Symptoms of Panic Disorder
The panic attack can leave people feeling helpless and vulnerable, and it is also one of the major symptoms of panic disorder, a medical condition where the afflicted experiences frequent and often serious panic attacks or feelings of intense fear. The fear typically resonates from the expectation of having another attack.
Doctors are still unsure of the precise cause of panic disorder, but they do know a number of treatment options that are effective at reduce the frequency and severity of panic and anxiety attacks. Doctors currently believe that panic disorder is either caused by genetics, environmental factors, or psychological issues.
There are certain symptoms of panic disorder, but the main symptoms are the panic attacks themselves and the fear that stems from them.
Symptoms of a Panic Attack
A panic attack is the main symptom of panic disorder, and it consists of the sudden and abrupt onset of certain symptoms leading to a potentially debilitating feeling of intense apprehension and fear. Panic attacks are actually described in the DSM-IV, the main reference books used in the field of psychology which details the symptoms of mental disorders and issues, and most medical doctors go by the DSM-IV symptoms list for panic disorder when diagnosing the condition. Panic disorders can greatly range in both length and severity, with some only lasting a minute, and others lasting for hours. Panic attacks may have little effect on the person’s regular activities, or it may be so debilitating that they can no longer function and need medical attention to return to a normal state of being. There are 13 symptoms of panic attacks described in the DSM-IV, and for a panic attack to be classified as such, the person must develop four of them in under 10 minutes. The symptoms include;
- Hot flashes or chills
- Numbness or tingling of the limbs
- Fear of death, thoughts that you are dying
- Feeling of insanity, loss of control
- Feeling of detachment, loss of reality
- Lightheaded, dizziness, feeling like you might faint
- Abdominal pain and nausea
- Pain in the chest, around the heart
- Choking sensation
- Loss of breath, shortness of breath, feeling smothered
- Shaking and trembling
- Sudden sweating
- Accelerated pulse and heartbeat, palpitations
With panic disorder, these attacks are typically very sudden and typically do not have an outside trigger. Most panic attacks will have some type of external trigger or conditional facts that leads the person to have the attack itself. With the panic attacks connected to panic disorder, these attacks typically come on suddenly and for little to no reason. This differentiate panic disorder from many of the other anxiety attack-based disorder acknowledged by the medical community. The panic attacks often connected to panic disorder are also more severe than your standard panic attack, leading to the development of a greater fear of them occurring.

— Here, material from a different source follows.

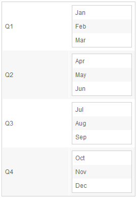 This demonstrates the basic usage of templates, it is however, possible to implement more advanced layouts. The following example demonstrates a recursive use of templates in a Listbox.

There is also a special classification of panic attack exclusively created for and associated with panic disorder. The limited symptoms attacks are highly similar to panic attacks as described by the DSM-IV, but instead of having four present symptoms, they have less, but the major feeling and fear the person experiences is still there and the present symptoms are more severe than they would be with a common panic attack. Due to the severity or certain aspects of a limited symptom attack, they can easily be confused with serious medical conditions like a heart attack.
If four of these symptoms develop in a ten minutes period, it is very likely that you are experiencing a panic attack. As this the the main symptoms of panic disorder, the second of the symptoms of panic disorder is the fear of repeated attacks. This fear can make a person stay constantly in or completely avoid crowds, stay near medical treatment areas, refuse to engage in activities, or generally alter their life out of fear of having another panic attack. Panic disorder’s second symptoms is then agoraphobia. While many people believe this to be the fear of people or public places, agoraphobia is actually the fear of being in public because you may have a panic attack. If both of these symptoms are present, then panic disorder is commonly diagnosed.
Luckily, the symptoms of panic disorder can be treated an managed to prevent the condition from altering the person’s life to a certain degree. Many of those who suffer from panic disorder have serious issues with social situations and public places, completely taking away their normal life or preventing them from having one. If you recognize the symptoms of panic disorder in yourself, treatment options provide from a medical professional can greatly help reduce the severity of the condition.